Monge's Theorem
Back to Geometry homepage
The diagram below shows an example of Monge's theorem. Each pair of circles in the plane defines a pair of external common tangents. In the diagram below, we have three circles, and therefore three pairs of common tangents, coloured red, blue and green. Let \(X\) be the point of intersection of the common tangents for the circles centred at \(A\) and \(B\), let \(Y\) be the intersection of the common tangents for the circles centred at \(B\) and \(C\), and let \(Z\) be the intersection of the common tangents for the circles centred at \(C\) and \(A\).
Monge's theorem then says that the points \(X\), \(Y\) and \(Z\) are collinear.
You can experiment by moving the points \(A\), \(B\) and \(C\) to change the centres of the circles, and moving the red points to change the radii of the circles. You can see that \(X\), \(Y\) and \(Z\) remain collinear after moving the circles in this way.
The diagram below shows a proof of Monge's theorem using Desargues' theorem. The three circles centred at \(A\), \(B\) and \(C\) define a triangle \(\Delta DEF\) consisting of the common tangents outside the three circles (i.e. the line \(DE\) is the common tangent of the circles centres at \(A\) and \(B\) such that the point \(C\) and the line \(DE\) are on opposite sides of the line \(AB\)).

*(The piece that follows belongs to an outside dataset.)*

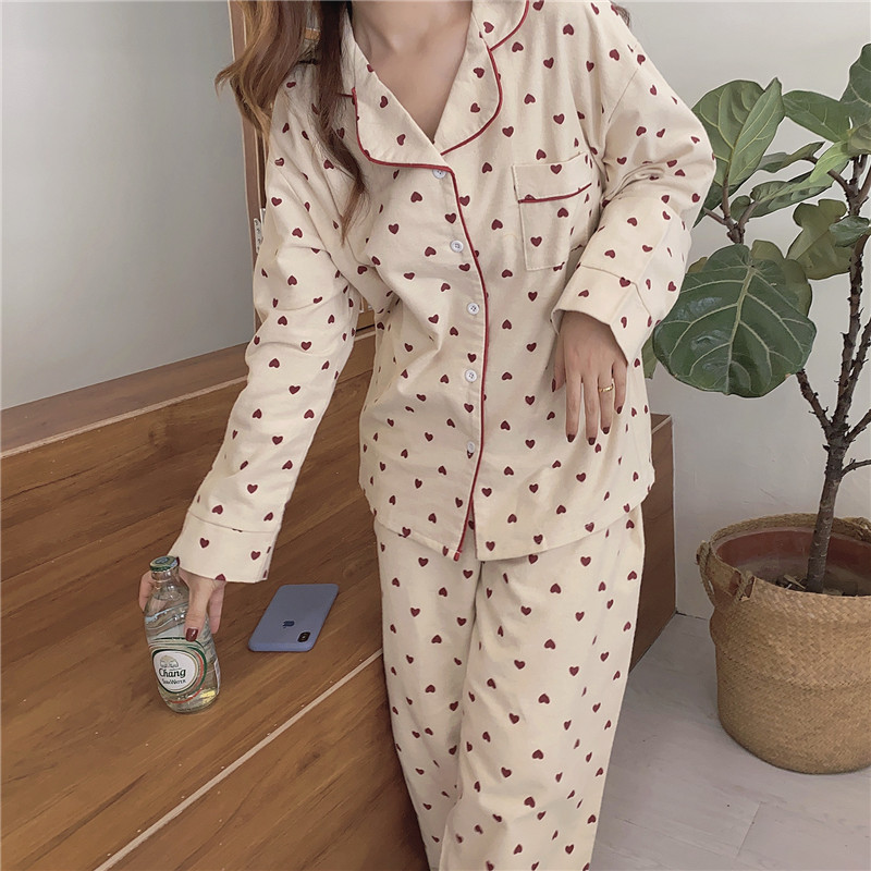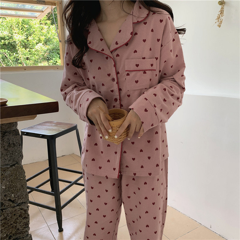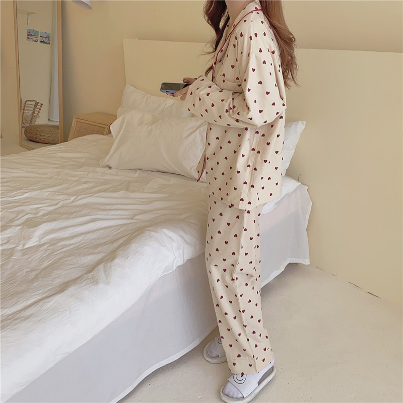 가을 샌딩 달콤한 사랑 긴팔 파자마 여성의 한국식 느슨한 세트 귀여운 학생 여성을위한 새로운 스타일 홈 옷스토어 가기

Also note that the line through the centres of a pair of circles also passes through the intersection point of the common tangents (and is in fact the angle bisector of the common tangents). You can see this in the diagram below, where \(AB\) passes through \(X\), \(BC\) passes through \(Y\) and \(CA\) passes through \(Z\).
Since the centre of a circle lies on the angle bisector of any pair of tangents, then the three angle bisectors of \(\Delta DEF\) (coloured in brown) pass through the points \(A\), \(B\) and \(C\). Since the angle bisectors of a triangle intersect at the incentre, then the incentre \(I\) of \(\Delta DEF\) is a point of perspective for the triangles \(\Delta ABC\) and \(\Delta DEF\). Desargues' theorem then shows that the triangles are in perspective from a line, and therefore the points \(X\), \(Y\) and \(Z\) are collinear.